I shrugged. We knew each other well enough to know that neither of us would believe it. I hadn't thought beyond the objective of the exercise—officially—but I knew as well as I do that once we had used their time-line to take care of the major enemies in our own, we would not very likely go away. There would always be other little jobs we could use them for.

But that was too far in the future for me to worry about— though I could see why that other me would worry, a lot. I said, "Get back to the question. Will your President listen to ours without a struggle? In my time the Reagans and Jerry Brown weren't exactly buddies."

"What's that got to do with it? She'll do what she has to do. She's sworn an oath to protect and defend the United States—"

"Yeah, but which one?" I asked. "Our President swore the same oath, and he's carrying it out." Reluctantly—being a wimp; but I didn't say that. "And the best way for old Nancy to protect you folks would be to let us do what we want. Do you have any idea of what the alternative is? We have all the muscle! You want us to push some anthrax into the White House? Smallpox-B into Times Square?" I laughed at his expression. "What's the matter, did you think we were just talking hydrogen bombs? We wouldn't want to mess up a lot of good real estate."

"But biological weapons are—" He stopped, thinking. He'd been going to say that they were against international law or something.

I explained, "After Salt II we had to do something. We pretty much gave up nukes. So we worked on other things."

"What's 'Salt II'?" he asked; then, immediately, "No, the hell with that, I don't want history lessons from you. All I want from you is for all of you to go the hell back where you came from and leave us alone, and I doubt you'll do that. If it interests you, you make me want to puke."

What a feisty little devil he was! He made me almost proud but also mad. "Bullshit, Dom!" I yelled. "You would have done the same thing! You were getting ready to, one way or another—otherwise why were you working on this Cathouse project?"

"Because—" he began, and stopped. His expression was a good enough answer. He changed the subject. "Have you got a cigarette?" he asked.

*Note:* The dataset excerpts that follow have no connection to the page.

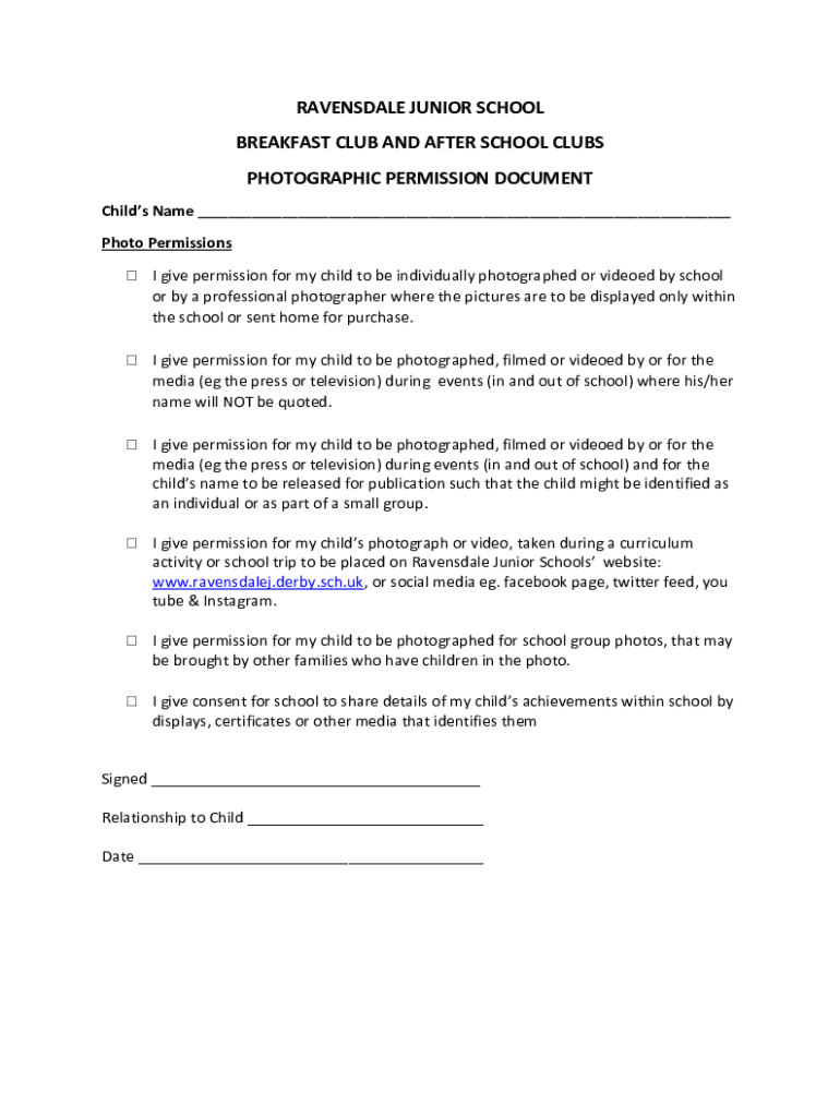 AVONDALE JUNIOR SCHOOL BREAKFAST CLUB AND AFTER SCHOOL CLUBS PHOTOGRAPHIC PERMISSION DOCUMENT Child's Name Photo Permissions I give permission for my child to be individually photographed or videoed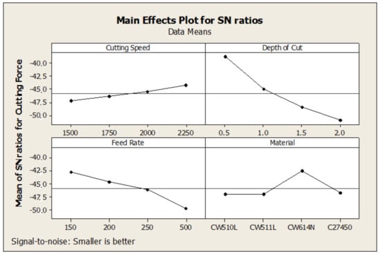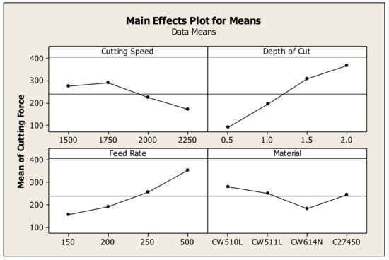 The plots of main effects of S/N ratios (Figure 7) and data means (Figure 8) indicated that the optimum values of cutting parameters that minimize the cutting force were the following: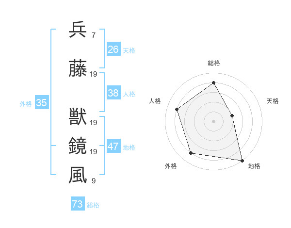 兵藤 獣鏡風さんの総格は73画の4点!
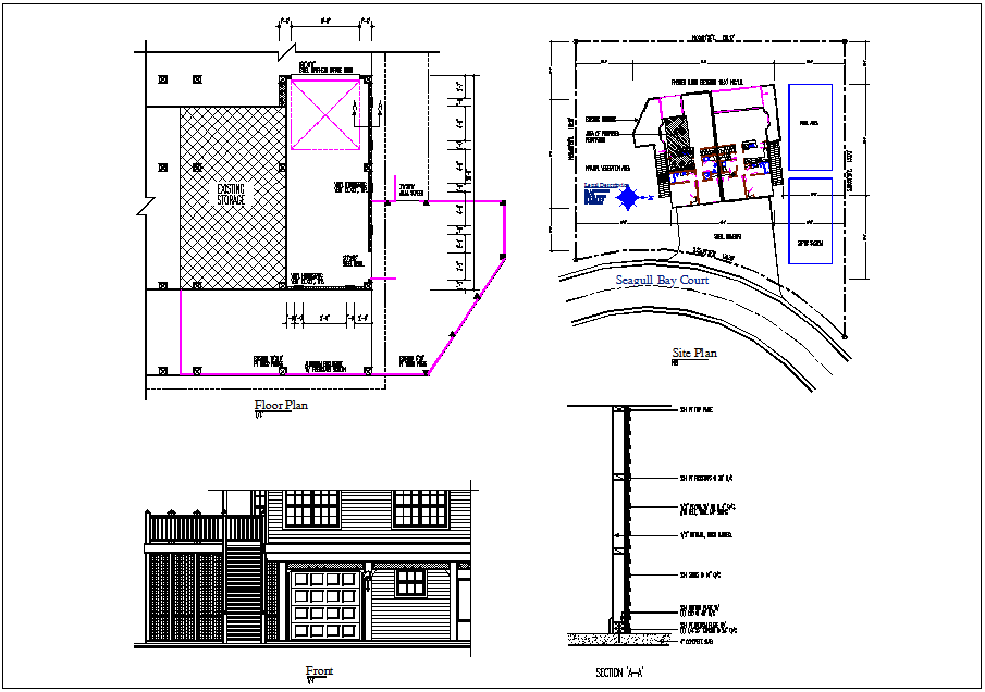 House plan view and site plan view detail with section view of wall structure detail dwg file

"Gave it up," I said with satisfaction.

He nodded, thinking. "I really didn't believe it would work," he said slowly.

"But you were in there trying, boy, weren't you? So what's the difference? We're not doing anything you wouldn't have done if you'd finished your research ahead of us."

"That's—that's doubtful," he said. Honest of him. He hadn't said, "That's untrue."

"So will you help talk your President into it?" I pushed.

No hesitation this time. "No."

"Not even to save a lot of lives, maybe?"

He said, "Not even for that. No surrender, Dom And I'm not sure I would want to buy a few American lives with a few million Russians, either."

I looked at him in amazement. Was it possible that I—in any incarnation---could be such a softheaded fool? But he wasn't looking softheaded. He leaned back in his chair, studying me, and suddenly he seemed taller and more sure of himself. "So what's the thing that scares you, Dominic?" he asked.

"What do you mean?" I sparred.

He said, reasoning it out, "Sounds to me like you've got a worry you're not telling me about. Maybe I can't guess what that is. On the other hand, maybe I can. The reason I came down here was because there was another one of us snooping around. He seemed to know what you were going to do. If I were you, I think I'd be real worried about him. Why? Who is he? What's going on?"